Do a Google search for electric tractors. You'll get a bunch of them.


----------



## camo2460 (Feb 10, 2013)

IDK, I think the lead cord would get in the way


----------



## cowboyhermit (Nov 10, 2012)

It is really a huge topic. There are several ways to accomplish an electric vehicle of the type you are proposing. One option is to go the hydrostatic route, this can be done without a speed controller but is a bit less efficient. Other methods typically utilize a motor controller and these are PRICY. A small garden tractor or lawn mower is a relatively straightforward conversion if you have the parts and/or the money. The motors are widely available new through electric vehicle (EV) conversion circles or sometimes old forklift or other machinery can be salvaged.

I think they can be a great tool (and have some electric machines myself) if you have the time and the resources to do it. Just make sure you have multiple ways to generate electricity if you go this route, a couple panels could equate to a lot of work.


----------



## mosquitomountainman (Jan 25, 2010)

Here's a pretty good article on them:

http://www.motherearthnews.com/homesteading-and-livestock/solar-powered-electric-tractors-zmaz02amzgoe.aspx#axzz2yvXSoHSO


----------



## oldasrocks (Jun 30, 2012)

Waste of time. Where would you ever get replacement batteries?


----------



## Tirediron (Jul 12, 2010)

Battery technology has come a long way, as to speed control, run the motor at peak efficiency and use a snowmobile type variable belt drive in front of the tractors transmission. But in the long run if fuel was not available.(I don't believe that this would be the case, fuel was developed by trial and error, with the knowledge it would resurface and maybe stay local......)


----------



## machinist (Jul 4, 2012)

It can be done. There are some old electric powered riding mowers around. I suggest you sign up at this garden tractor forum and look at the electric threads. http://gardentractortalk.com/

After MUCH research you will find that it:

1) Takes far more money than you thought,
2) You get to do all the work yourself, so you have to learn ALL about it,
3) It is possible to get decent performance,
4) Use time is severely restricted by the batteries (batteries can't store nearly the energy that's in a tank of gas).

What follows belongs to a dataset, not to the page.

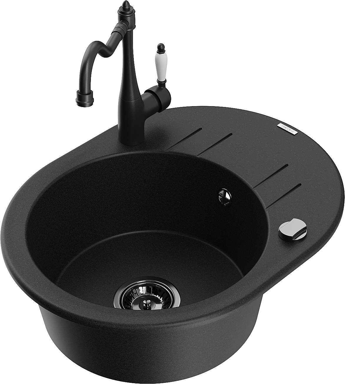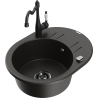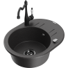Mexen Kevin granitový dřez 1-komorový s odkapávačem a kuchyňskou baterií Carla, černý - 6517-77-670700-70-B

IMHO, it's a fine hobby in the world as it is NOW, but highly impractical in a PAW setting. *It makes a difference what condition the country is in. * If the electric grid is down, we are headed for an 18th or 19th century lifestyle, and anything electrical will have a comparatively short practical life. Supply lines would come to a screeching halt, so no replacements for anything.

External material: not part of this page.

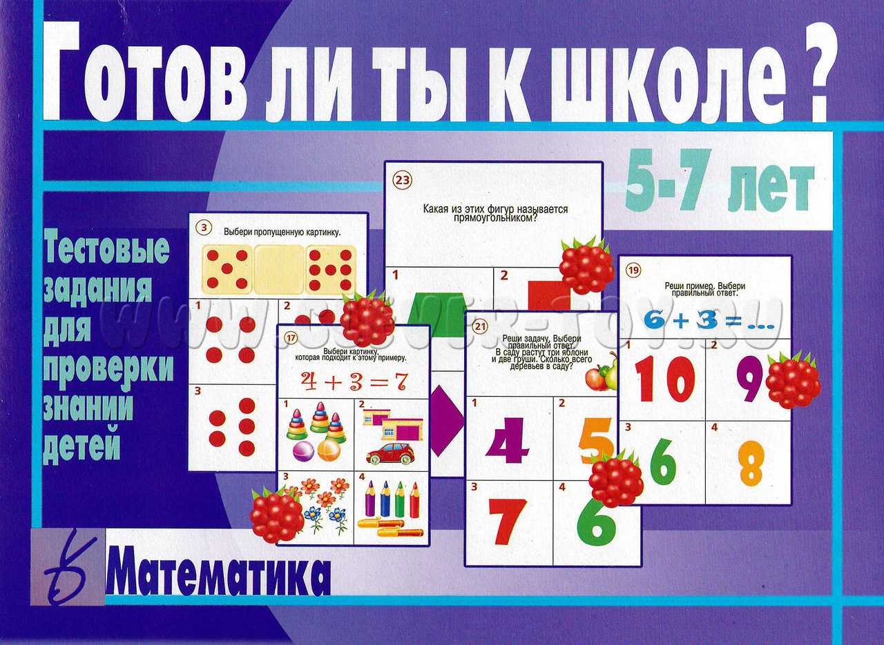 Тестовые задания для проверки знаний по математике перед поступлением в школу. Перед началом занятий требуется разрезать карты по пунктирным линиям (получится 24 карточки с заданиями и 24 с картинками).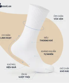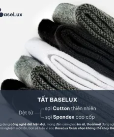 Tất nam cổ trung BaseLux tất cotton co giãn, vớ nữ mềm mại thoáng mát, tất đá bóng kháng khuẩn chống hôi chân

Get a horse. You can grow what they eat, and they do most of their own repairs, with reasonable care. A couple of them can even make new ones!


----------



## ZoomZoom (Dec 18, 2009)

I'm with the group that says a horse is a better option.

If electric tractors or such were even viable now (with the grid going, parts...), they would be sold to millions of suburbanites to keep the noise down on weekend afternoons.


----------



## LincTex (Apr 1, 2011)

puttster said:


> Thinking about a maybe 10 year time where the 5 acre family homestead has to be self-reliant... Likely the diesel and gasoline will go bad,


No necessarily. Diesel lasts for many, many years if stored properly.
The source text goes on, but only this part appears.